*** Block opens ***

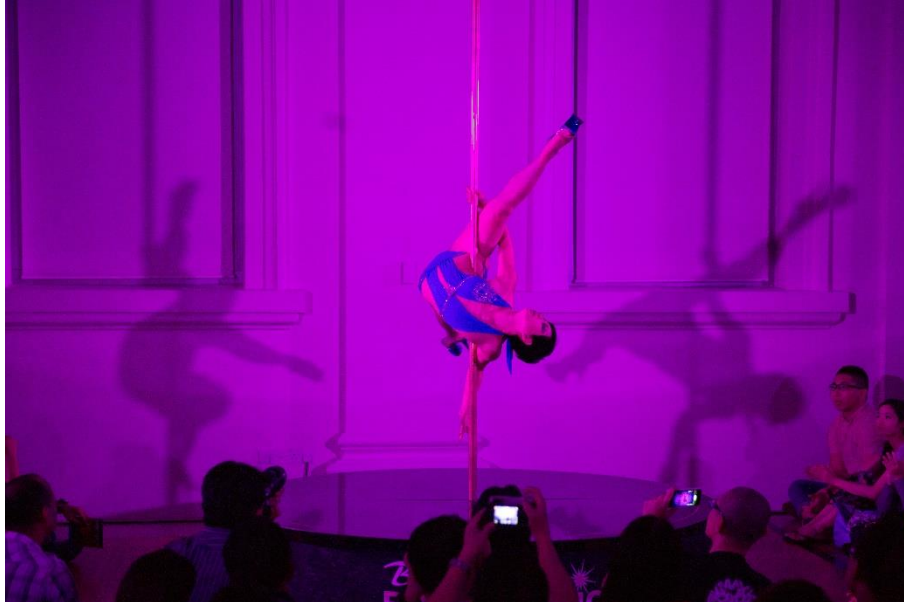
Bobbi's Pole Studio, 2014.

Get access to Singapore's premier pole dance studio and watch the students, instructors and a cancer survivor group, The Rose Diamonds, demonstrate the power and elegance of the human body and re-establish pole dancing as an athletic art form.
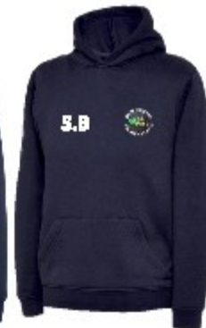
PE Hoody - £10.00 / £11.00 Full Zip
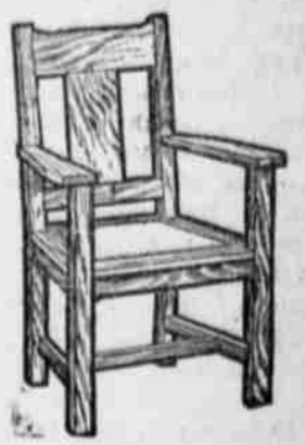
DINING CHAIRS ALL STYLES. PRICES: 75 CENTS TO $6.00
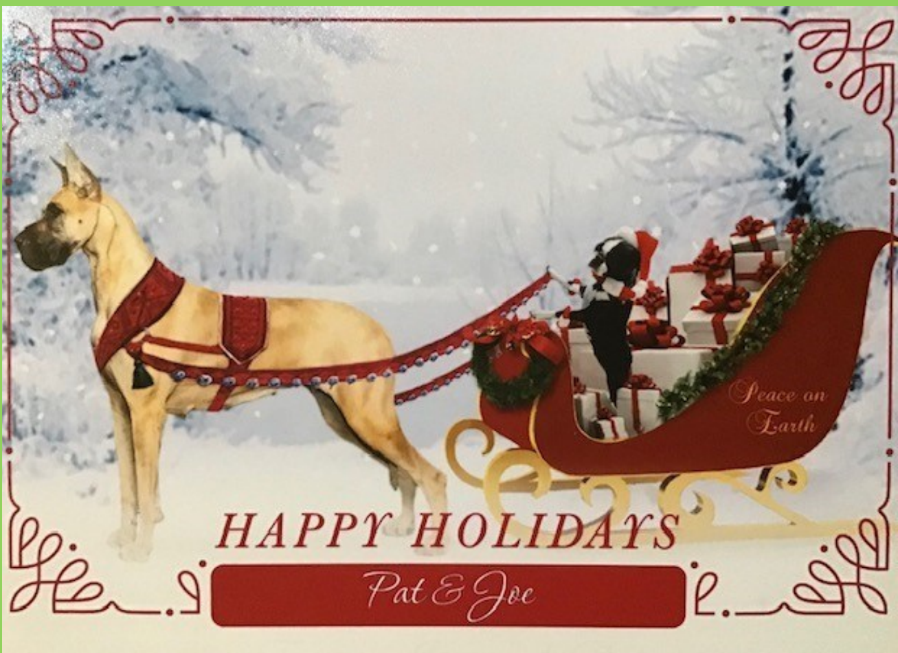
Below—Shea & Dooney

*** Block closes ***

What the exercise asks:
Everything in the material above must be repeated exactly, apart from its pictures.

Result:
Bobbi's Pole Studio, 2014.

Get access to Singapore's premier pole dance studio and watch the students, instructors and a cancer survivor group, The Rose Diamonds, demonstrate the power and elegance of the human body and re-establish pole dancing as an athletic art form.
PE Hoody - £10.00 / £11.00 Full Zip
DINING CHAIRS ALL STYLES. PRICES: 75 CENTS TO $6.00
Below—Shea & Dooney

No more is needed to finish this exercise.